Worried about attracting millennial clients? Forget them. Thinking about Generation X? Hold your horses, according to Melody Juge, a retirement planner who says that most Americans under the age of 50 have no need of financial advice.

Of course, Juge, president of Flat Rock, N.C.-based Life Income Wealth Management and advisor at hybrid RIA CoreCap Advisors, has never had any qualms about going against the grain during her 34 years of industry experience.

“If someone calls me for advice, that’s what I tell them,” Juge says. “Everyone I work with is over 50. My industry wants me to say that everybody needs an advisor, but I don’t think they do.”

By trying to push services on Generation Xers and millennials that they might not need, advisors risk causing more harm to the financial services industry’s image, Juge says.

“The industry is at a point where nobody trusts it anymore,” Juge says. “It’s all about numbers and assets under management, but we often forget that there are lives on the other side of those dollars.

Young people shouldn’t be burdened with the cares of financial planning, Juge says, unless they’ve accumulated a certain amount of wealth.

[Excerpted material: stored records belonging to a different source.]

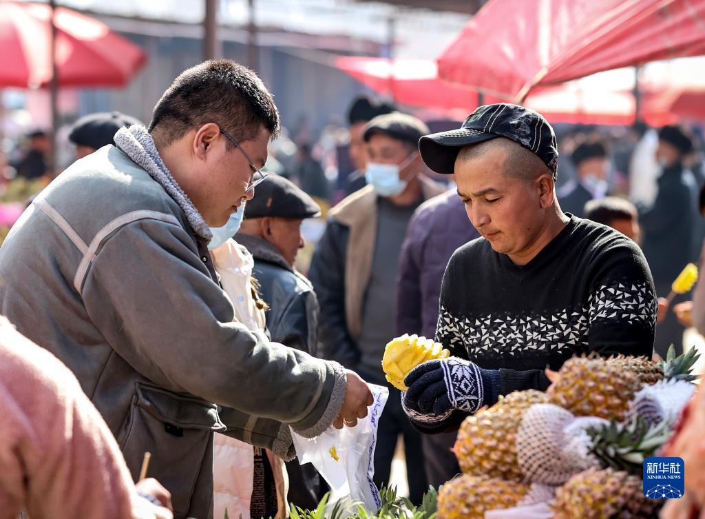 2月26日,在托克扎克镇农贸市场,顾客在购买菠萝。
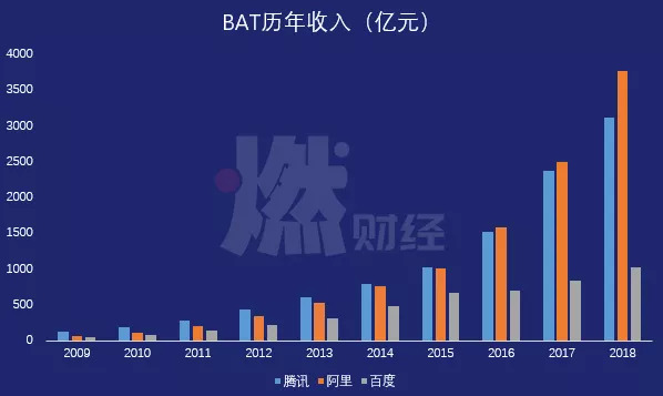 BAT这个名称的确切出处,已经很难考证。2011年,百度市值达到460亿美金,成为当时国内市值最高的互联网公司。与此同时,腾讯和阿里也已奠定各自的江湖地位,巨头雏形初显。大约在那个时候,BAT的说法流传开来。
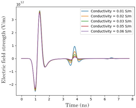 Simulated A-scans of a material block with different conductivities. Higher conductivity mostly affects the amplitudes of the peaks and not the wave’s velocity.
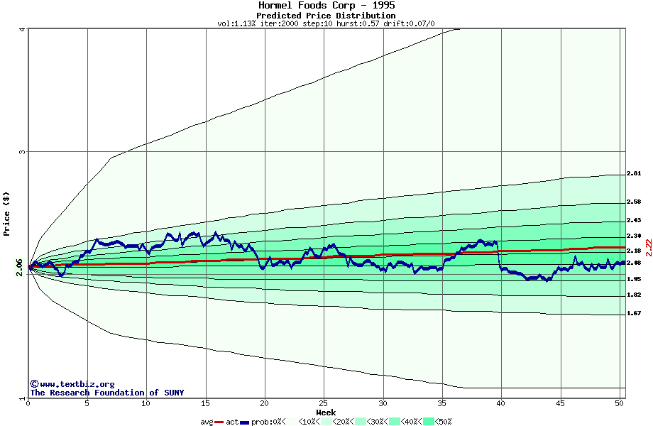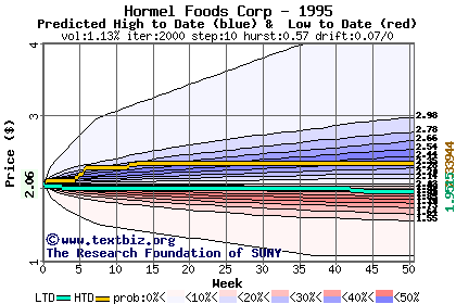The high to date and low to date prices of the stock plotted against a random walk model for 1995 (what's this?).
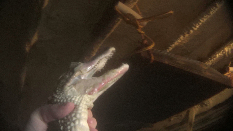 El investigador vio caimanes que continuaban moviendo sus piernas y colas en el estante de sangrado y en los contenedores de hielo ensangrentados varios minutos después de su intento de asesinato.
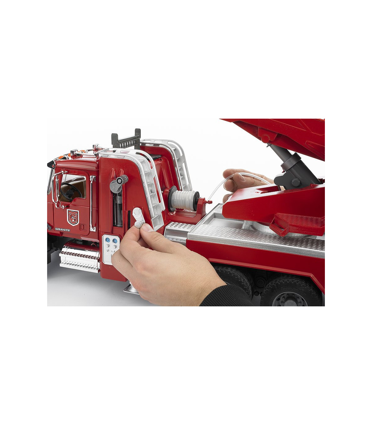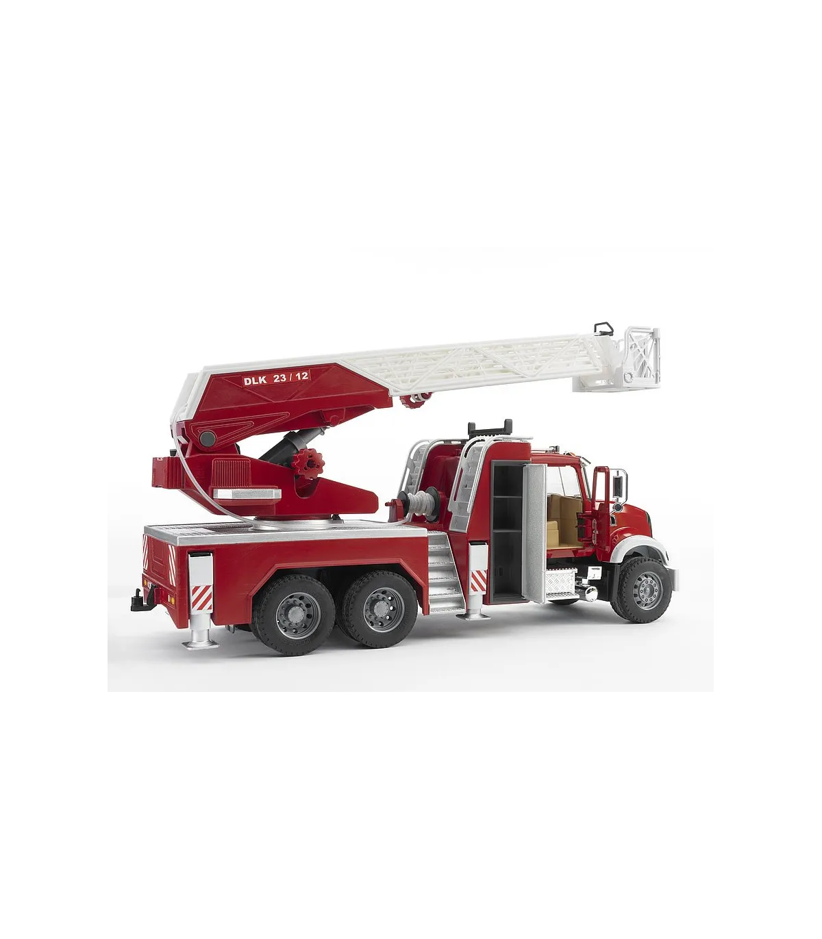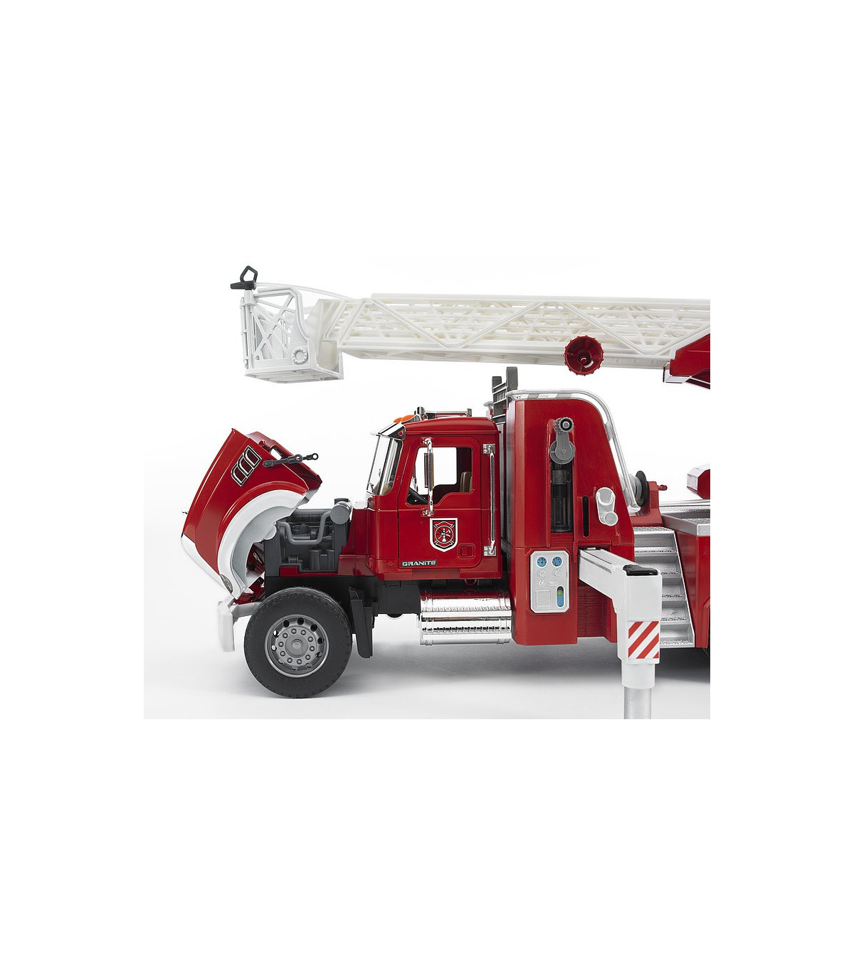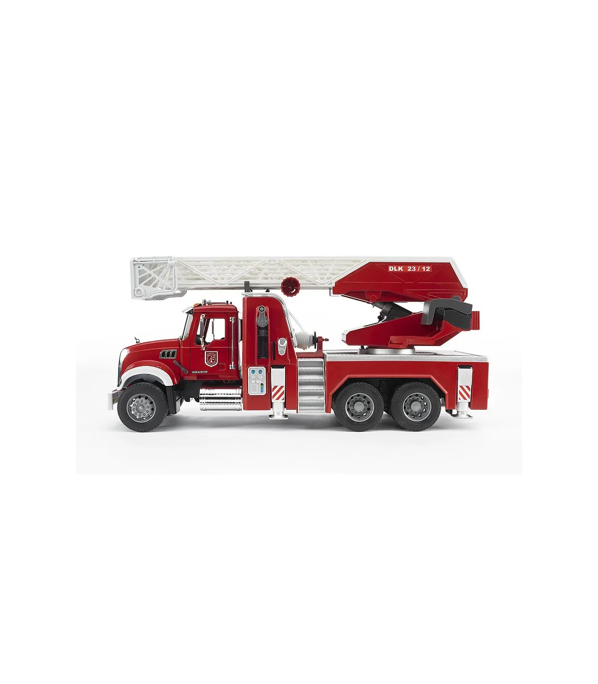 No existe nada más fascinante que reproducir una gran actuación de los bomberos. La novedad de BRUDER en el surtido de bomberos es el camión de bomberos con escalera MACK Granite. Además de todos los detalles, como p. ej. las puertas que se abren, los espejos abatibles, el capó de motor que se abre y algunos componentes cromados, el vehículo dispone de un depósito de agua integrado que se puede llenar mientras se juega. La manguera de agua se puede desenrollar, las figuras de BRUDER la pueden sujetar (p. ej. nº de art. 60000, no incluidas en el volumen de suministro), se puede sujetar al cesto de la escalera y tiene una boquilla de agua completamente funcional. La escalera giratoria con cesto de salvamento se puede desplegar y regular en altura mediante un volante. Además de los dos asientos de la cabina del conductor hay otro asiento adicional para la figura de BRUDER en la escalera de bomberos. Los cuatro pies de apoyo garantizan una fijación segura del vehículo en cualquier situación y el compartimento con puerta abatible crea espacio adicional para guardar herramientas. Gracias al gran número de funciones y a los muchos detalles del modelo, no hay limites para las escenas de juego creativas.

“Why do you want to have a 20- or 30-something man or woman who is full of life, creativity and forward thinking to be focused on the end of their lives?” Juge asks. “In most cases, savings should be automated and out of mind.”

Encouraging millennials and their counterparts to find advisors may harm their ability to save.

“Advisors aren’t free,” Juge says. “When people are in their 20s and 30s and just starting to earn money, why would we want them to spend one to two percent paying for an advisor when they should be accumulating?”

Instead, Juge says that young people should be encouraged to take a do-it-yourself approach: contributing enough to a 401(k) to ensure an employer match and placing the rest of their savings into a Roth IRA using an actively managed, no-load mutual fund as its core holding.

“I think index funds are broken,” Juge says. “When the market goes down, they’re more seriously impacted, there’s no downside protection. A well-managed mutual fund where the expense ratio is less than 1% seems like a better solution. There’s always an investment du jour, but if the index funds were so wonderful and absolutely perfect, every single person would be invested in them and there wouldn’t be anything else left."

Juge believes in a three-tiered retirement planning approach. At the age of 55, clients enter the preservation phase of their careers, where they should find advisors who actively manage portfolios and plan for the distribution phase after retirement.

Until then, people should focus on accumulation, which takes time and effort.

“This is an economic planet,” Juge says. “There is power in time and compound interest."

During that accumulation phase, millennials and their Generation X counterparts won’t have enough investable assets to need financial advice.

“Everything they need is already online,” Juge says. “They don’t need to pay fees or commissions for a lecture on how things work. Roth IRA rules are online. They can access the investments online. If they want to have $1 million or more for retirement, all they need to do is put $150 a month in a mutual fund account and let it grow.”

However, depending on their career and their success level, financial advice might be appropriate for some younger Americans.

“Sure, at some point when they have amassed hundreds of thousands of dollars, young people might want to find an advisor,” Juge says. “For most young people, though, that money gets spent. They need a house. A new car. They get married. They have a family. They’re not holding onto enough non-retirement assets to justify the cost of advice.”